• _Task item_
Your copy should hold only the lines from the one with "网上盛传的上海今夕对比照片,因发展变化之大曾在朋友圈刷屏。" to the one with "The exterior was", both included, each exactly as it stands below, with no pictures.
-------------------------
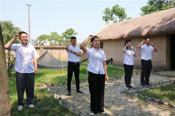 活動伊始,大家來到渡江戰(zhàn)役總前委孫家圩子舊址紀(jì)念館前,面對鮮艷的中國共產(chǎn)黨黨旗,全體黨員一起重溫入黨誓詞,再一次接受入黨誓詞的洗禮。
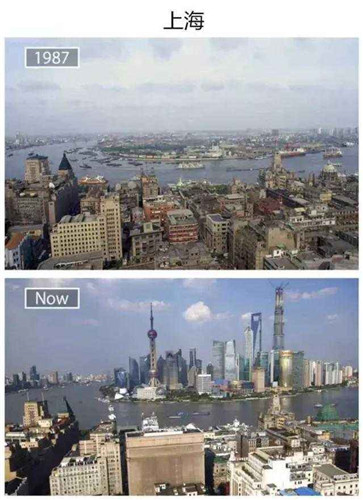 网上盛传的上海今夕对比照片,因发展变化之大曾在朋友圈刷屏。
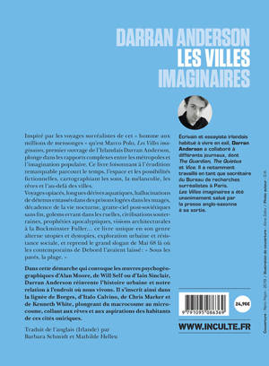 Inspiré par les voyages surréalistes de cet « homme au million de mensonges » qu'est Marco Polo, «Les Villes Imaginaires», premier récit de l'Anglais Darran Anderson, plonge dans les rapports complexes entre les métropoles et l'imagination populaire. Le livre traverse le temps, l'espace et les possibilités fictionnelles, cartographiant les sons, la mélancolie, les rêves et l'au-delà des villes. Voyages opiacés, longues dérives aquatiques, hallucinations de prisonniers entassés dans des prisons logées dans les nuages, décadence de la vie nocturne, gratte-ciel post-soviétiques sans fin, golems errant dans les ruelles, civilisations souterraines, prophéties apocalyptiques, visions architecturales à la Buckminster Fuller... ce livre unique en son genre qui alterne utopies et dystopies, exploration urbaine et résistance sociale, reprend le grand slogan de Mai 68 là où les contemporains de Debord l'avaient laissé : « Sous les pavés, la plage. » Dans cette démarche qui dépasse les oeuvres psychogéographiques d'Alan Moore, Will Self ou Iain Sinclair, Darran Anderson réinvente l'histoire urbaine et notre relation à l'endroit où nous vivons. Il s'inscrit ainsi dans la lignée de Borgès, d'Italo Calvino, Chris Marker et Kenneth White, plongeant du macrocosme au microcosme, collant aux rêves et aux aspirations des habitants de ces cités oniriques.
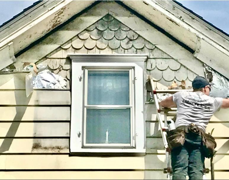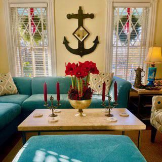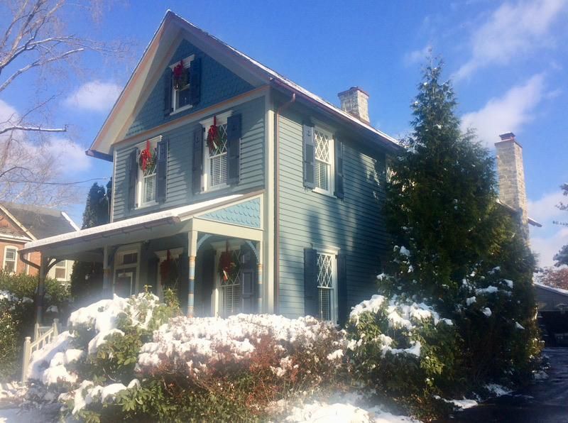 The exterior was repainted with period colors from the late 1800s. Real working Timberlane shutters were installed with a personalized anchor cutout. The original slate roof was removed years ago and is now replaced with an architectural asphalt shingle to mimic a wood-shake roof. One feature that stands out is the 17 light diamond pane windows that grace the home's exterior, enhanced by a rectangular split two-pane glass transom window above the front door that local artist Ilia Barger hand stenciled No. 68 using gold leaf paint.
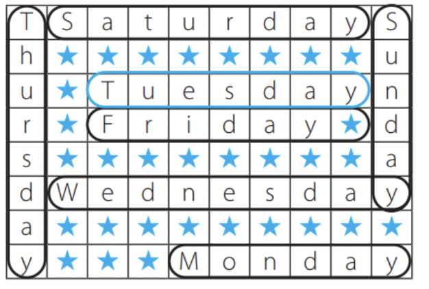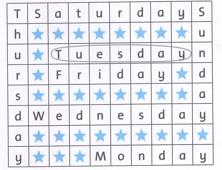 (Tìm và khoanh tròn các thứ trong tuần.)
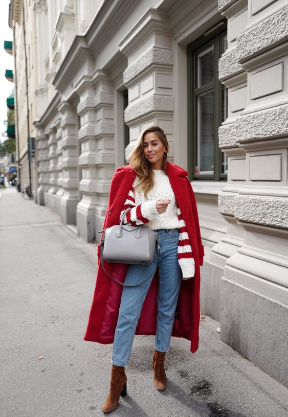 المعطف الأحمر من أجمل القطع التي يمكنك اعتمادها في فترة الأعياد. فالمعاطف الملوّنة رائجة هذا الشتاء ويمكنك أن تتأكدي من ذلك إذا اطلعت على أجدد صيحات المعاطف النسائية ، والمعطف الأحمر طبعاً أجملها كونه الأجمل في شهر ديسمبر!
-------------------------
• _Result below_
 网上盛传的上海今夕对比照片,因发展变化之大曾在朋友圈刷屏。
 Inspiré par les voyages surréalistes de cet « homme au million de mensonges » qu'est Marco Polo, «Les Villes Imaginaires», premier récit de l'Anglais Darran Anderson, plonge dans les rapports complexes entre les métropoles et l'imagination populaire. Le livre traverse le temps, l'espace et les possibilités fictionnelles, cartographiant les sons, la mélancolie, les rêves et l'au-delà des villes. Voyages opiacés, longues dérives aquatiques, hallucinations de prisonniers entassés dans des prisons logées dans les nuages, décadence de la vie nocturne, gratte-ciel post-soviétiques sans fin, golems errant dans les ruelles, civilisations souterraines, prophéties apocalyptiques, visions architecturales à la Buckminster Fuller... ce livre unique en son genre qui alterne utopies et dystopies, exploration urbaine et résistance sociale, reprend le grand slogan de Mai 68 là où les contemporains de Debord l'avaient laissé : « Sous les pavés, la plage. » Dans cette démarche qui dépasse les oeuvres psychogéographiques d'Alan Moore, Will Self ou Iain Sinclair, Darran Anderson réinvente l'histoire urbaine et notre relation à l'endroit où nous vivons. Il s'inscrit ainsi dans la lignée de Borgès, d'Italo Calvino, Chris Marker et Kenneth White, plongeant du macrocosme au microcosme, collant aux rêves et aux aspirations des habitants de ces cités oniriques.
 The exterior was repainted with period colors from the late 1800s. Real working Timberlane shutters were installed with a personalized anchor cutout. The original slate roof was removed years ago and is now replaced with an architectural asphalt shingle to mimic a wood-shake roof. One feature that stands out is the 17 light diamond pane windows that grace the home's exterior, enhanced by a rectangular split two-pane glass transom window above the front door that local artist Ilia Barger hand stenciled No. 68 using gold leaf paint.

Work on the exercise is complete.